What led to CNN+’s launch on March 29 and its rapid demise is an unusual mix of corporate deal-making, leadership disagreement, unexpected resignations and legal restrictions.
“It will be a Harvard case study,” said one Warner Bros. Discovery executive.
CNBC spoke with a dozen people directly involved with CNN+ about why it folded so quickly — and why it ever launched in the first place.
CNN+ is born
Zucker and deputy Andrew Morse, CNN’s head of global digital business who eventually became CNN+’s chief, initially discussed launching a streaming service in early 2020, months before Jason Kilar joined WarnerMedia as chief executive, according to people familiar with the matter.
In Kilar, Zucker and Morse found a digital evangelist. He was brought on to transform WarnerMedia into a company that revolved around streaming video rather than one that centered around distributing content to cable networks and movie theaters.
The CNN leadership envisioned CNN+ as something akin to The New York Times – a subscription news product that would eventually house video, podcasts, and all of CNN’s interview and entertainment programming. CNN also felt it had a global branding advantage over the Times, which is known more in the U.S. than abroad. Kilar believed CNN needed a digital subscription strategy, having seen scores of advertising-based digital media properties suffer from low valuations and volatile ad markets.
Over time, as millions of households cancel their cable subscriptions each year, CNN+ would become the landing spot for CNN’s linear network. Similar to ESPN.com, executives planned on CNN.com populating with more and more paywalled content and pushing CNN+ subscriptions. Executives researched potentially making all of CNN.com part of a subscription, but decided the content wasn’t strong enough to merit a full paywall. CNN.com is already profitable and is the most viewed news website, frequently generating more than 200 million unique visitors globally each month.

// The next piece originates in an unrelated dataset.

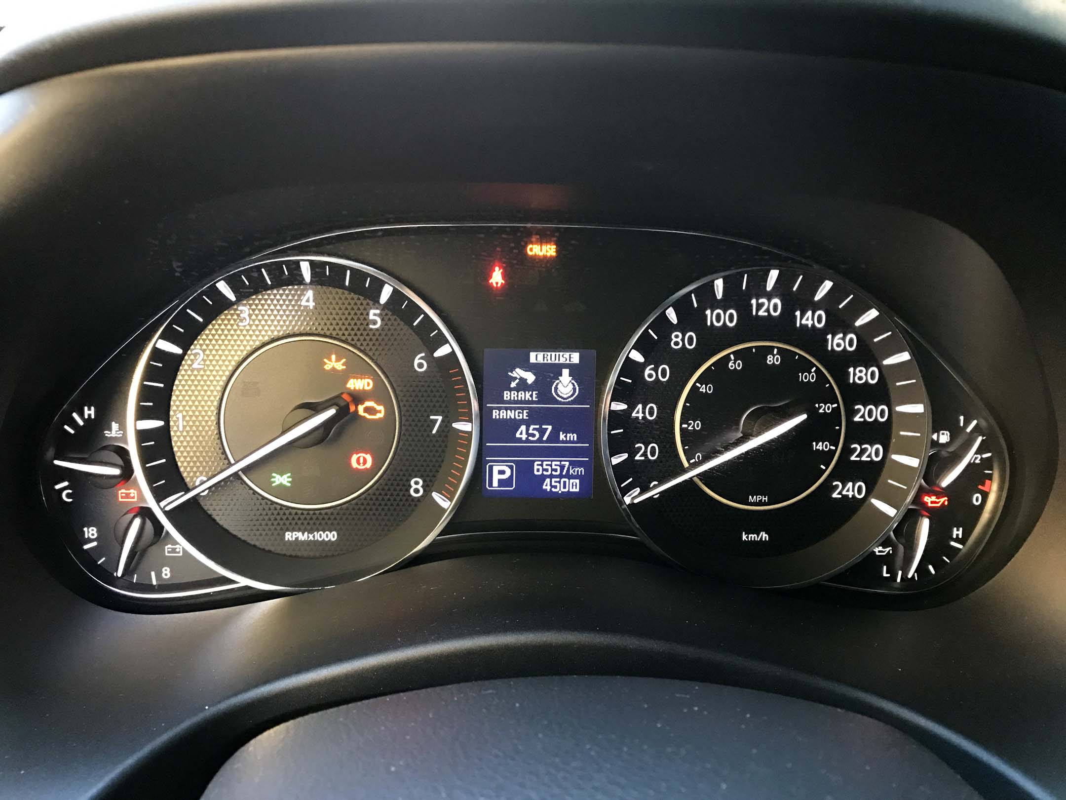 We engaged Low range gear (4 Low) when attempting to cross a 50 cm snow berm created by a passing snowplow and the Armada had no trouble plowing through it. For steep downhill sections, 4 Low can be engaged but we were surprised that Downhill Assist is not available in the Armada.

CNN hired consulting firm McKinsey to help with the operations of CNN+, but Kilar, Zucker and Morse handled the strategy. Based on months of research, they believed CNN+ would get to 2 million subscribers at the end of year one. Kilar believed that figure was a “layup” and a conservative estimate. The goal was to compete with The New York Times, which crossed the 10 million subscriber mark this year after acquiring digital sports website The Athletic.

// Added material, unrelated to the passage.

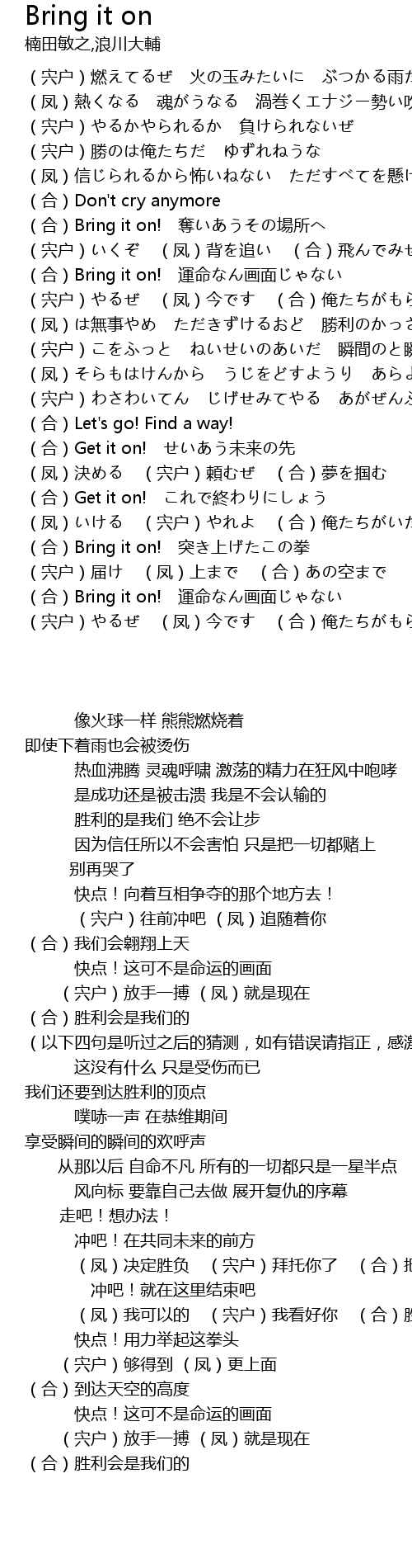 | [00:47:00] | (合)Bring it on! 奪いあうその場所へ |

WarnerMedia executives had a plan to meet their goal: They would use HBO Max, CNN.com and CNN’s linear channel as a constant marketing presence – a “funnel” – to push subscribers. The strategy was to launch CNN+ in the beginning of this year and then bundle it with HBO Max in September. This “would you like fries with that” approach for the millions of subscribers that sign up for HBO Max (HBO and HBO Max had 3 million new net adds last quarter) would ultimately lead to a robust, globally scaled news service.
A series of unexpected events
Both Zucker and Kilar were caught off guard by AT&T’s decision to spin off WarnerMedia and merge it with Discovery Communications — a deal announced in May 2021. Neither were involved in the merger discussions, which were primarily held in secret between AT&T Chief Executive John Stankey and Discovery CEO David Zaslav.
The merger gave Zucker a second wind. He was longtime friends with Zaslav, who would be replacing Kilar as CEO of the new company. Instead of reporting to AT&T’s suits, Zucker seemed in line for a big role under Zaslav.
As CNBC reported, Zucker decided that summer he wouldn’t leave at the end of the year after all. With a refreshed career outlook, Zucker began digging into CNN+. Kilar entrusted him with setting its strategy and programming.
Zucker set a launch date in the first quarter of 2022 and began hiring hundreds of people as producers, software engineers and marketing support.
CNN Worldwide Chief Marketing Officer Allison Gollust was in charge of promoting the new service. Morse ran the day-to-day operations. Zucker had the greenlight from Kilar to spend hundreds of millions on the new service to give CNN a jumpstart into the digital era.
“We are going to take a pretty big swing here, and the company’s behind it,” Morse said in July 2021, when CNN formally announced it would build the new service.
The plan was to premiere with eight to 12 hours of live programming a day on the service. Zucker began signing up outside talent to anchor shows, including Kasie Hunt, who departed NBC News to take the job, and longtime Fox News anchor Chris Wallace.
When the merger was announced, AT&T said the deal would likely close in the middle of 2022.
Given that timeline, the CNN team set a launch date for CNN+ for the first quarter of 2022. That would give the service a few months of breathing space before Zaslav’s leadership team took over for Kilar, who already knew he wasn’t staying on at the company post merger. Zucker wanted to launch the service in January but ran into technical trouble. CNN was making a product from scratch with a brand new tech stack, rather than simply building on top of HBO Max. That took time, and CNN didn’t want to launch a buggy product. Zucker and Morse recalibrated to launch at the end of March.
As the months passed, regulators got through the approval process more quickly than initially expected. By February, AT&T and Discovery were targeting a close date of around April 11 – months earlier than anticipated.
That put the launch of CNN+ just weeks before the merger’s close date.
And then, on February 2, Zucker suddenly resigned.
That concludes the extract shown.